**Your task:** When you return the lines below, go from the first through the line with "Last night Vegas", keep them exact, and leave out every picture.

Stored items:
Start of Block

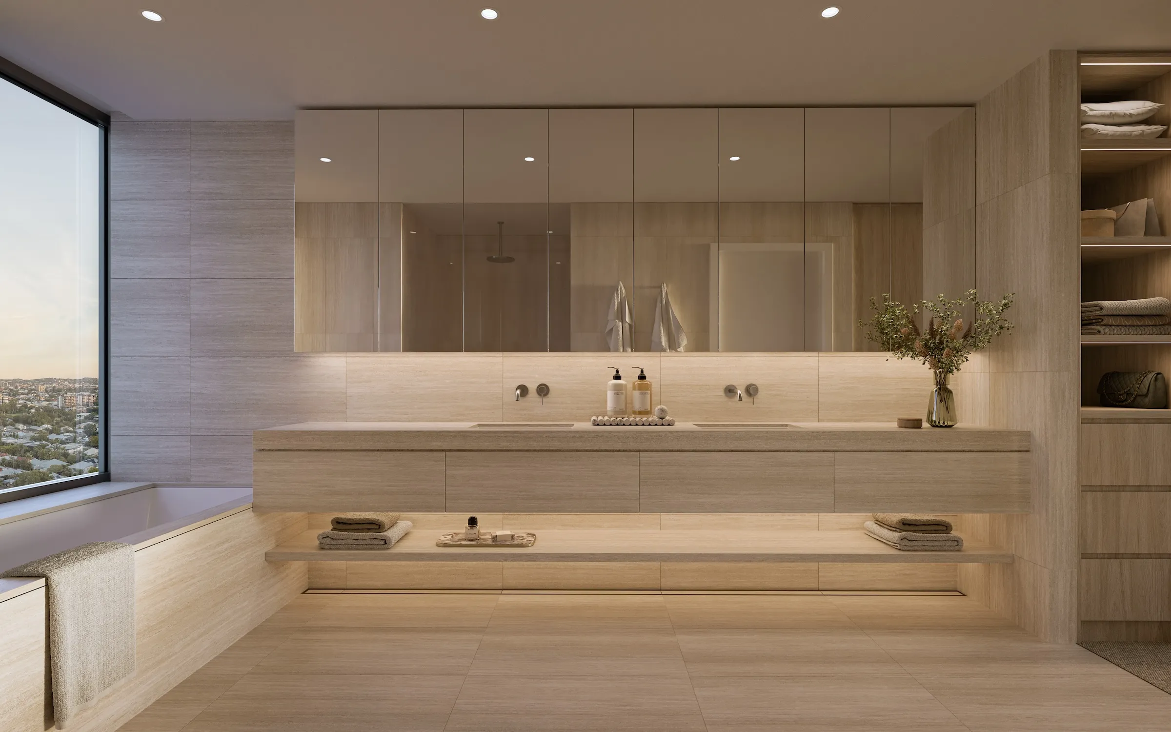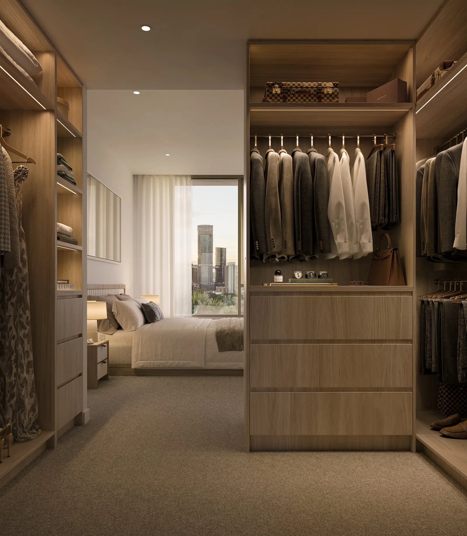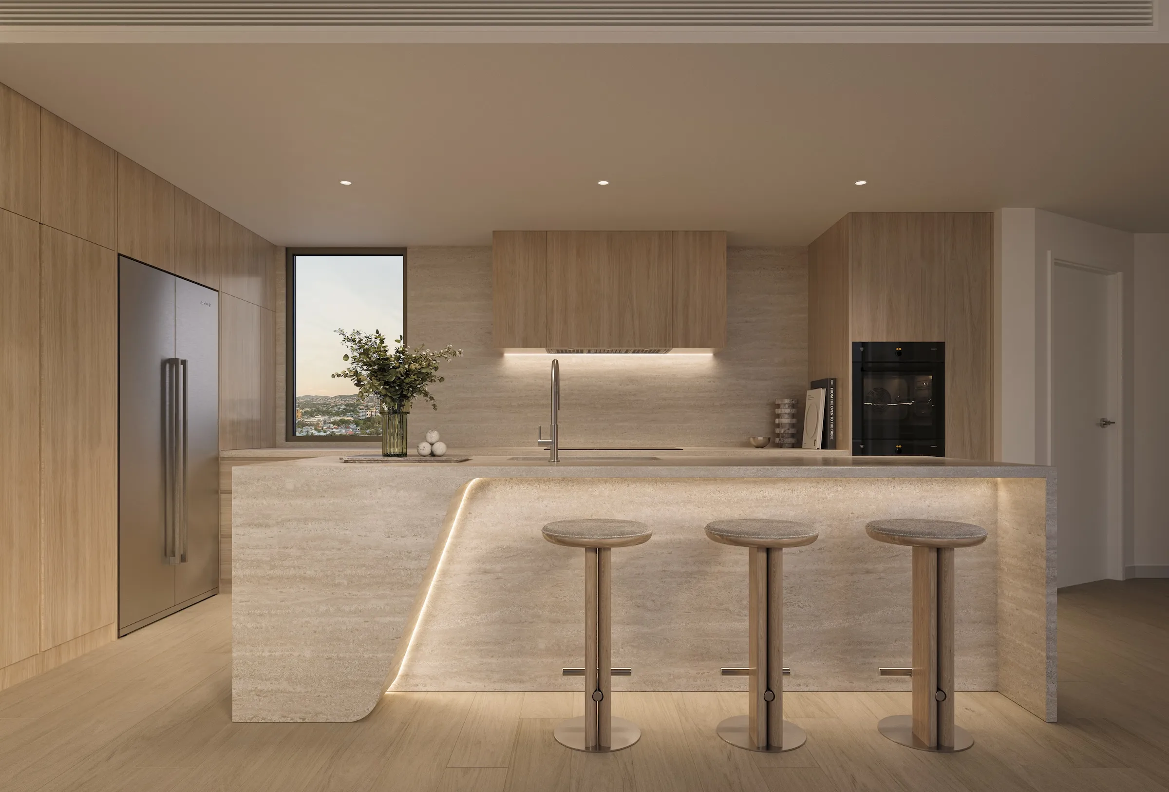 Interiors are warm and refined, with European oak flooring, stone finishes and bespoke joinery that evoke quiet sophistication. Open-plan spaces flow seamlessly to expansive balconies that invite outdoor dining and relaxation. Each home is an expression of understated luxury, where comfort and design meet in perfect balance.
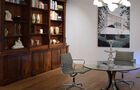 The gallery consists of a large rectangular space, a staircase and a cozy lounge bar with an authentic counter and fireplace.
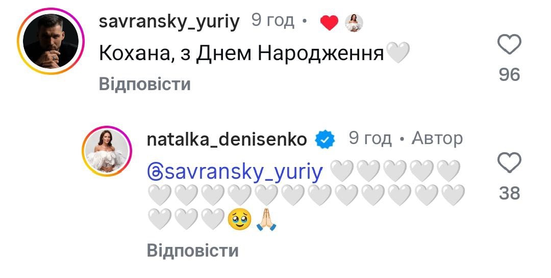 "Кохана, із днем народження", – звернувся він до Денисенко. Актриса відповіла йому великою кількістю емодзі у вигляді сердець.
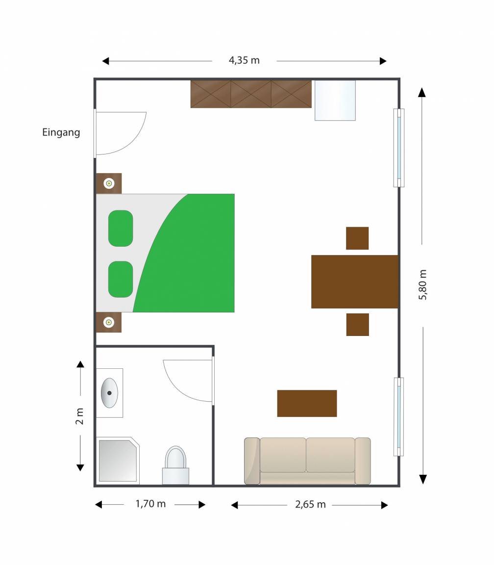 25 m² Privatzimmer ∙ 1 Schlafzimmer ∙ 2 Gäste
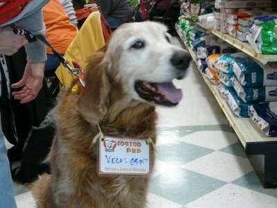 Last night Vegas went to a RAGOM presentation to the pre-vet club at the U of MN. As you can see from the pictures, he and Murphy were not very interested in the lecture, but when it got to the “Hands on” part of the program, Vegas was very happy. He got lots of petting and felt it was worth waiting through the talking part.
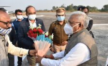 राज्यपाल श्री पटेल का रीवा हवाई पट्टी में किया गया स्वागत
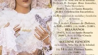 El Viernes de Dolores tendrá lugar a las 20:30 la Solemne Función en honor a Nuestra Señora de la Soledad, que estará expuesta en devoto besamanos durante todo el día (de 9 a 14 horas y de 16 a 21 horas). Ese día se rezará un Vía+Crucis a las 20 horas, precedido del Santo Rosario a las 19:45.
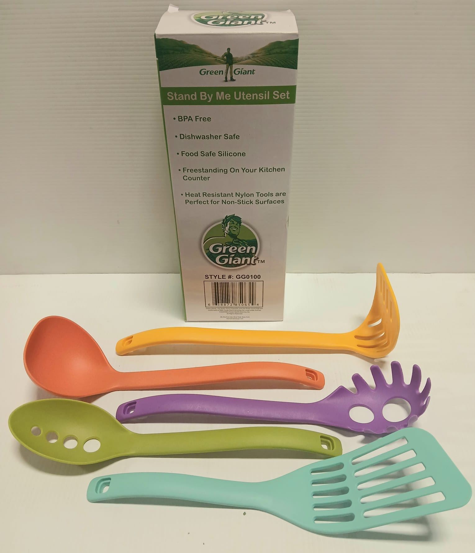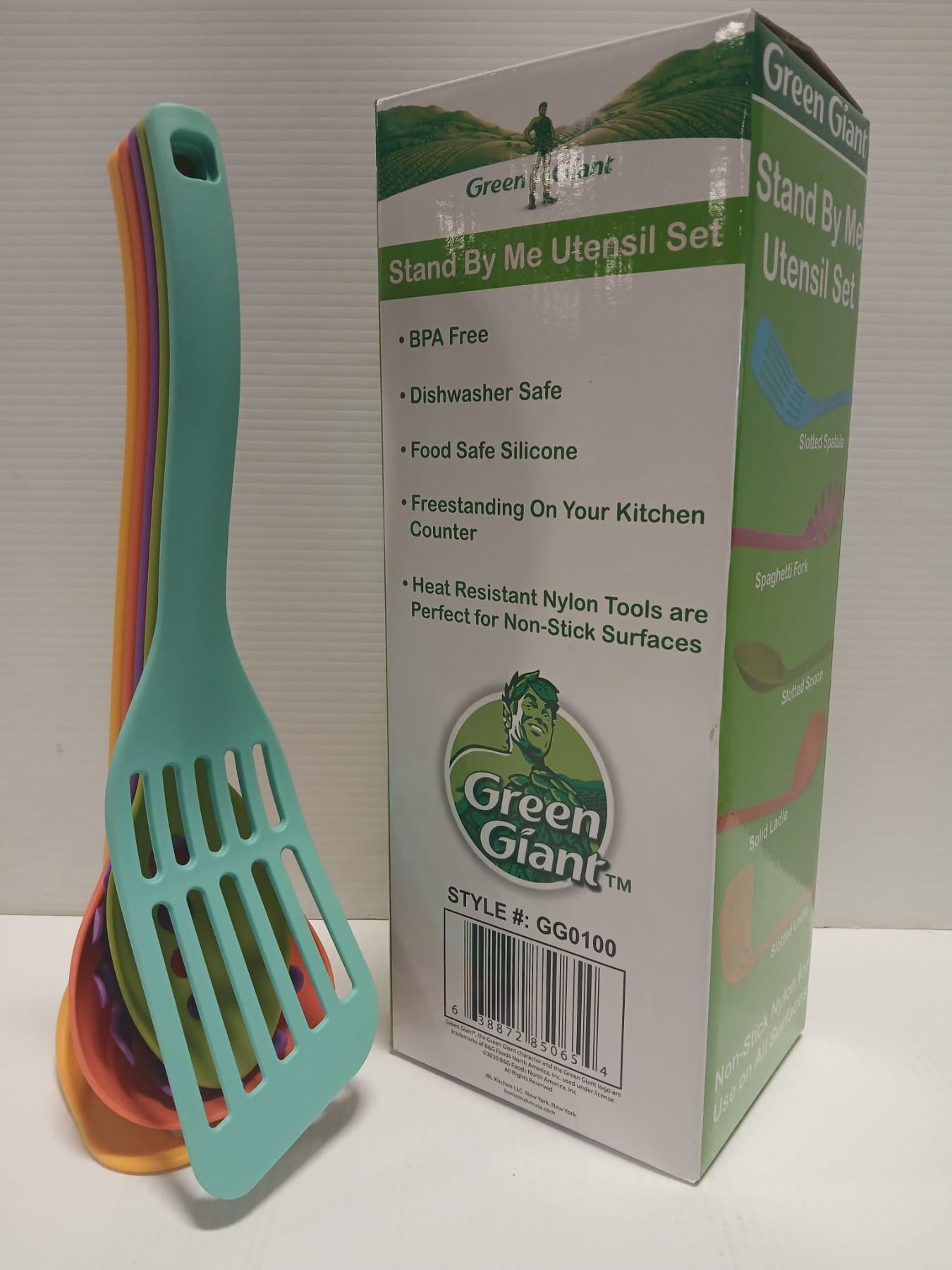 STANDING 5 PIECE NYLON COOKING UTENSIL SET SLOTTED SPATULA, SPAGHETTI FORK, SLOTTED SPOON, SOLID LAD

End of Block

**Answer section:**
 Interiors are warm and refined, with European oak flooring, stone finishes and bespoke joinery that evoke quiet sophistication. Open-plan spaces flow seamlessly to expansive balconies that invite outdoor dining and relaxation. Each home is an expression of understated luxury, where comfort and design meet in perfect balance.
 The gallery consists of a large rectangular space, a staircase and a cozy lounge bar with an authentic counter and fireplace.
 "Кохана, із днем народження", – звернувся він до Денисенко. Актриса відповіла йому великою кількістю емодзі у вигляді сердець.
 25 m² Privatzimmer ∙ 1 Schlafzimmer ∙ 2 Gäste
 Last night Vegas went to a RAGOM presentation to the pre-vet club at the U of MN. As you can see from the pictures, he and Murphy were not very interested in the lecture, but when it got to the “Hands on” part of the program, Vegas was very happy. He got lots of petting and felt it was worth waiting through the talking part.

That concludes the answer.